• **What you should do**
In the entries that follow, the lines from the line containing "Nowoczesne przezroczyste reflektory" up to and including the line containing "새해맞이 행사를 즐겼다." must be copied exactly, with pictures omitted.

• **Data to examine**

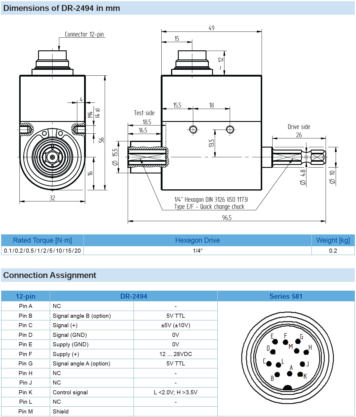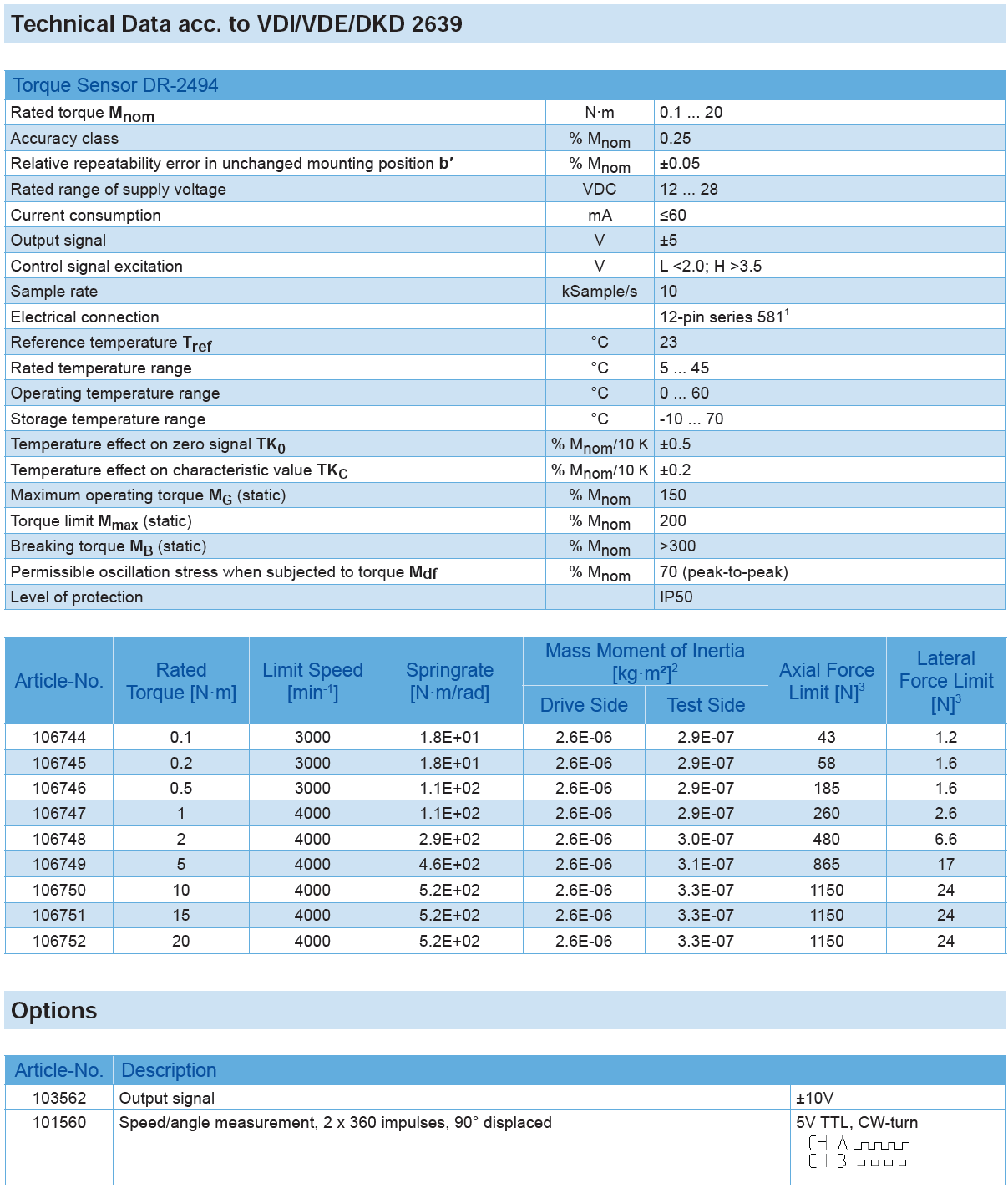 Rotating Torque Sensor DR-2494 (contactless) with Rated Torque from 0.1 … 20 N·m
==
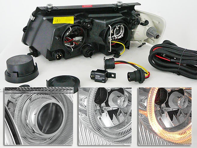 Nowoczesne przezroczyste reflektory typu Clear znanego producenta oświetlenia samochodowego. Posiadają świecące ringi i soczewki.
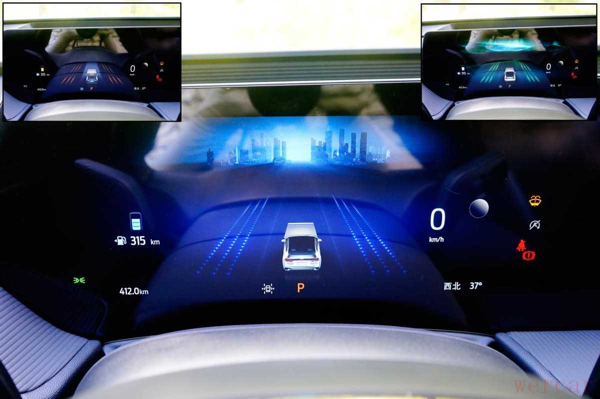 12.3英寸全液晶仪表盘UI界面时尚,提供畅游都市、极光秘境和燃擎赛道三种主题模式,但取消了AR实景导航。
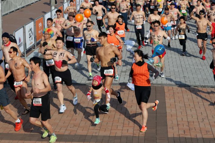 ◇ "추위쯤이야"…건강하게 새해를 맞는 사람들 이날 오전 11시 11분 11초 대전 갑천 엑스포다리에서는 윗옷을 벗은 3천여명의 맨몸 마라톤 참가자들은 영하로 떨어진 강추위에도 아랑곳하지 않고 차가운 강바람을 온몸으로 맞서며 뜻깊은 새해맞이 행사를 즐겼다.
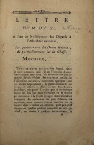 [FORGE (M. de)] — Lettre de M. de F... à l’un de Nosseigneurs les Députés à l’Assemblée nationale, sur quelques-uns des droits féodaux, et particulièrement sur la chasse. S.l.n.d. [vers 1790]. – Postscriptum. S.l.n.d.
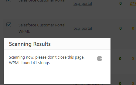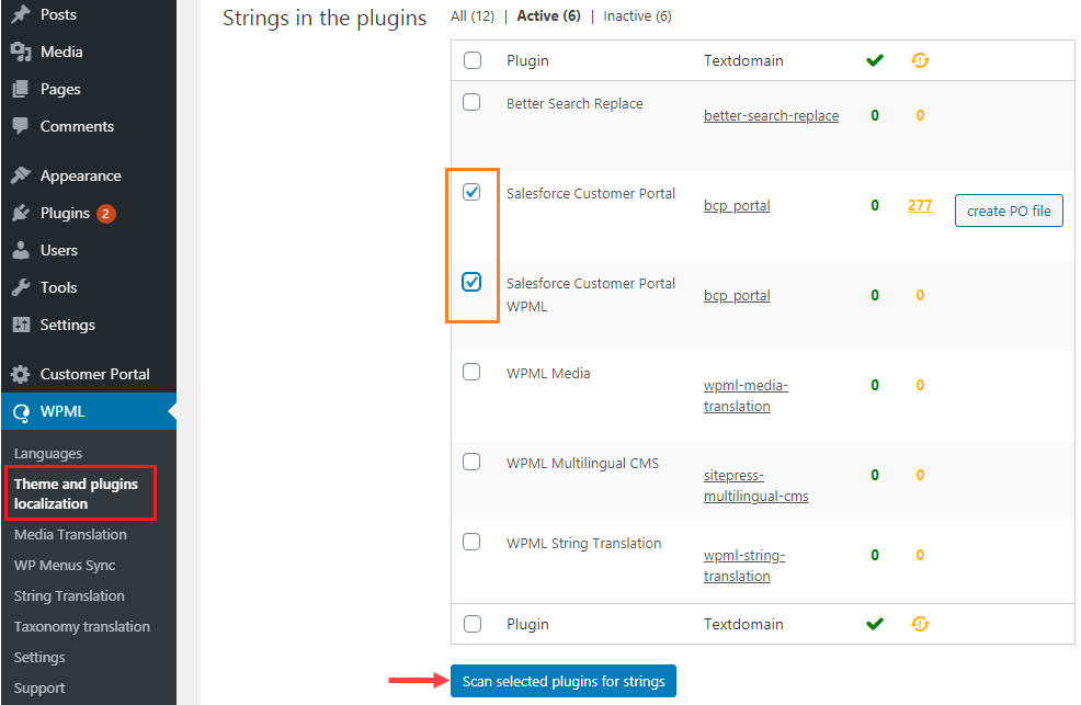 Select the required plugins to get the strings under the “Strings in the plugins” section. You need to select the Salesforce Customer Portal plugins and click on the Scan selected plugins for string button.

• **Output below**
 Nowoczesne przezroczyste reflektory typu Clear znanego producenta oświetlenia samochodowego. Posiadają świecące ringi i soczewki.
 12.3英寸全液晶仪表盘UI界面时尚,提供畅游都市、极光秘境和燃擎赛道三种主题模式,但取消了AR实景导航。
 ◇ "추위쯤이야"…건강하게 새해를 맞는 사람들 이날 오전 11시 11분 11초 대전 갑천 엑스포다리에서는 윗옷을 벗은 3천여명의 맨몸 마라톤 참가자들은 영하로 떨어진 강추위에도 아랑곳하지 않고 차가운 강바람을 온몸으로 맞서며 뜻깊은 새해맞이 행사를 즐겼다.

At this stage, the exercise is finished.